Exercise aim — What is needed is every line from the one holding "Lend the luxury" to the last line of the data below, printed exactly and without pictures.
======== Collected material ========
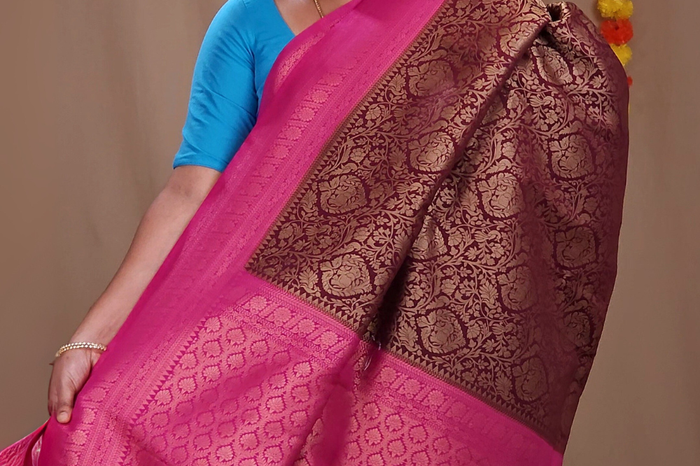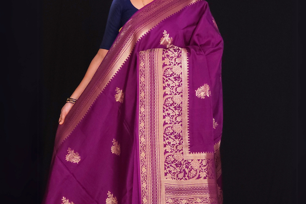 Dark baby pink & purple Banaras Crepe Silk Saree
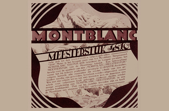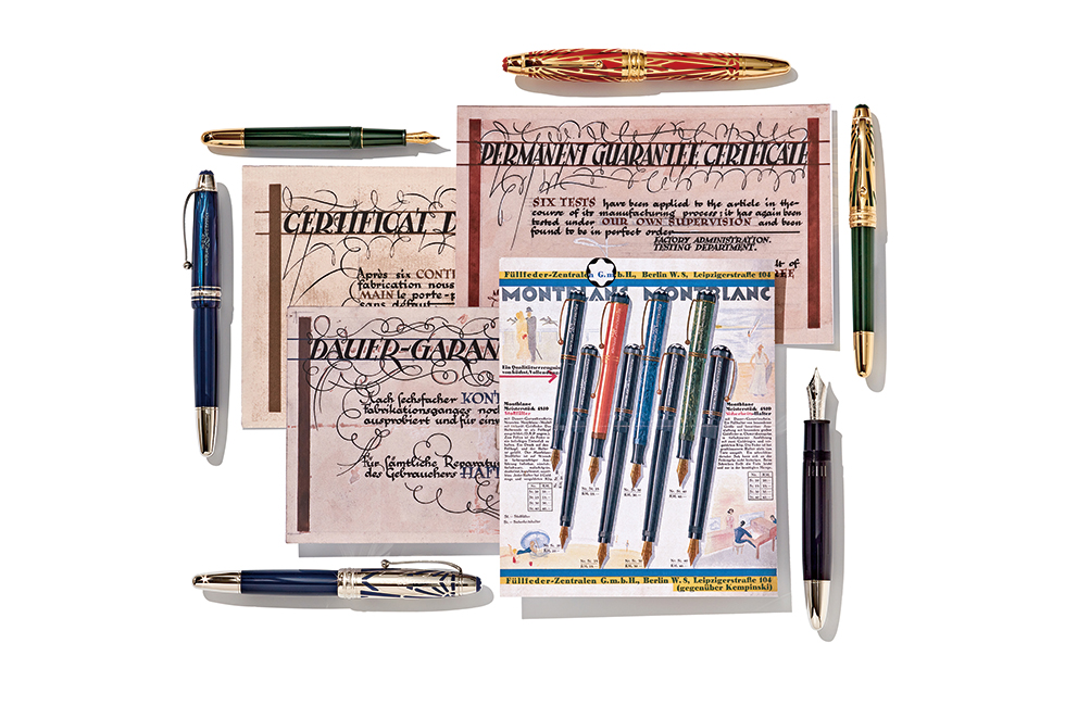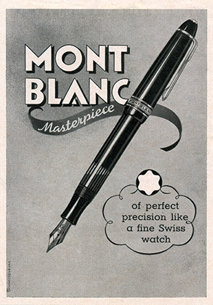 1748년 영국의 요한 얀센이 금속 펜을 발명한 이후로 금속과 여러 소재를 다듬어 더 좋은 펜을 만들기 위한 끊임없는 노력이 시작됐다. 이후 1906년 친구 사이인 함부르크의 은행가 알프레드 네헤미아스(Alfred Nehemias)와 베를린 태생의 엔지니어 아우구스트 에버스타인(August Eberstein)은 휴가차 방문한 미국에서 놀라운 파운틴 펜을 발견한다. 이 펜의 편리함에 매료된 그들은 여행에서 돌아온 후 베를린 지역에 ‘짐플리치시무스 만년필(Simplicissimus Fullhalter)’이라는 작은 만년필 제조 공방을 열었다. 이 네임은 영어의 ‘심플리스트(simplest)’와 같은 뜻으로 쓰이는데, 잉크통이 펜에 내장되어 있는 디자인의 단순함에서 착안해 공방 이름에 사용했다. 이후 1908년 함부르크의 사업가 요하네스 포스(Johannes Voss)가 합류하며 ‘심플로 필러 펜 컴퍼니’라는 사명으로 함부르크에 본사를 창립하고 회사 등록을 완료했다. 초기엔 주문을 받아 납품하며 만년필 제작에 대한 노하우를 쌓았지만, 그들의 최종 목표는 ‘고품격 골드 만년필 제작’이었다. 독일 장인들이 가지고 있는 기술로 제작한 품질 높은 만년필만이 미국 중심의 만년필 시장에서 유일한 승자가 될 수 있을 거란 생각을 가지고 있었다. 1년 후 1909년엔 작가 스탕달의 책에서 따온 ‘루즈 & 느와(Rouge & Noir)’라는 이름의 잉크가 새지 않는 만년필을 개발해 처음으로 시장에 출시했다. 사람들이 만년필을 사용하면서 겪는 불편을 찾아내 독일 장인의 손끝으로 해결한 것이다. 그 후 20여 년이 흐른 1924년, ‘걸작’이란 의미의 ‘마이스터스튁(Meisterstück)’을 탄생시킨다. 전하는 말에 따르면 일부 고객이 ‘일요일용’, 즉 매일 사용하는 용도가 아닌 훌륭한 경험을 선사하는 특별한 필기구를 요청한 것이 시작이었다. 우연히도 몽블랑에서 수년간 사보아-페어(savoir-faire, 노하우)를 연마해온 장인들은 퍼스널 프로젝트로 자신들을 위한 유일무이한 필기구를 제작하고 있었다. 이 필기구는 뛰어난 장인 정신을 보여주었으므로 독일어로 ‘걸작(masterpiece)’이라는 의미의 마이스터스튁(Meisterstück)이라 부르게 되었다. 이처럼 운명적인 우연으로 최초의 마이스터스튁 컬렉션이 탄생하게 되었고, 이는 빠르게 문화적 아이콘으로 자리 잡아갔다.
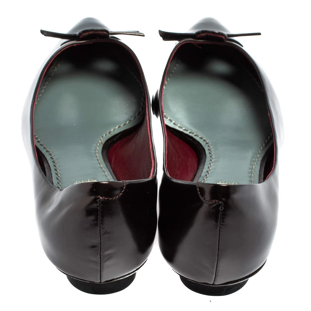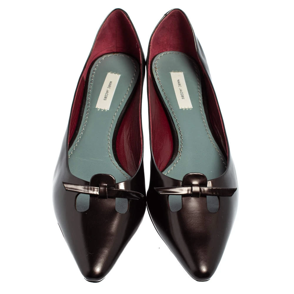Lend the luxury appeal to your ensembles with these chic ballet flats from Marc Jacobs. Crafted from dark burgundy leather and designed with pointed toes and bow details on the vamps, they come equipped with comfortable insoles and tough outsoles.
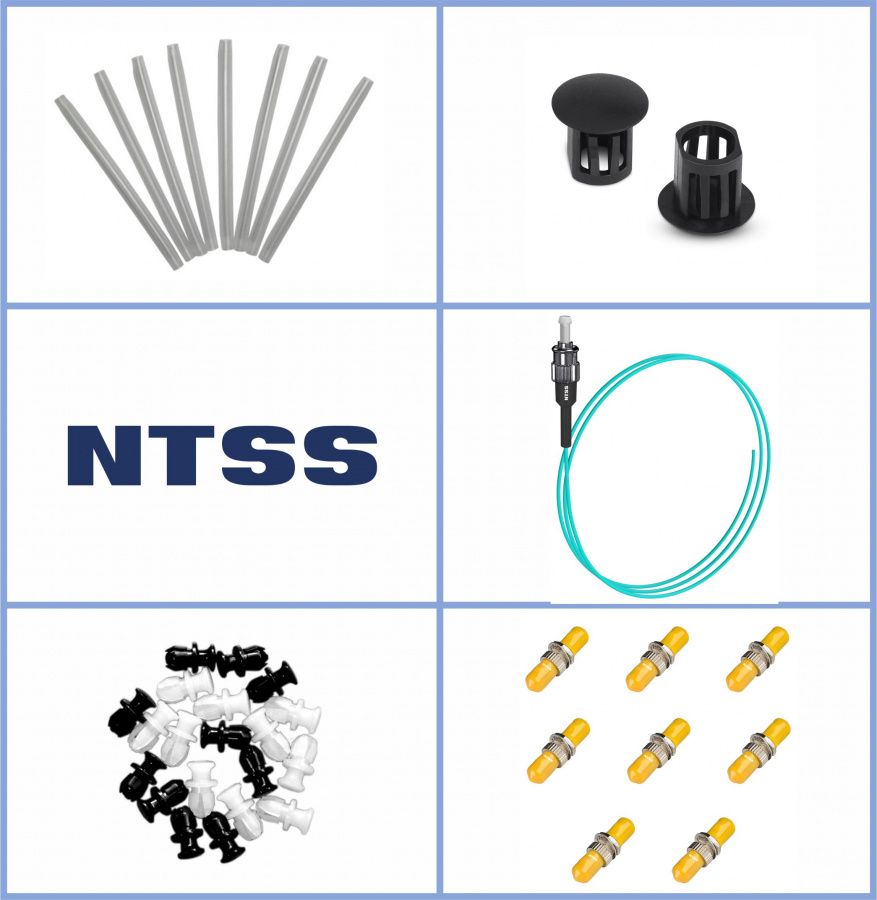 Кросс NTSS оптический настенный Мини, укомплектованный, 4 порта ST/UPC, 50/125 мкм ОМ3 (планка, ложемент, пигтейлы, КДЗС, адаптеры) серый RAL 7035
========
Task solution —
Lend the luxury appeal to your ensembles with these chic ballet flats from Marc Jacobs. Crafted from dark burgundy leather and designed with pointed toes and bow details on the vamps, they come equipped with comfortable insoles and tough outsoles.
 Кросс NTSS оптический настенный Мини, укомплектованный, 4 порта ST/UPC, 50/125 мкм ОМ3 (планка, ложемент, пигтейлы, КДЗС, адаптеры) серый RAL 7035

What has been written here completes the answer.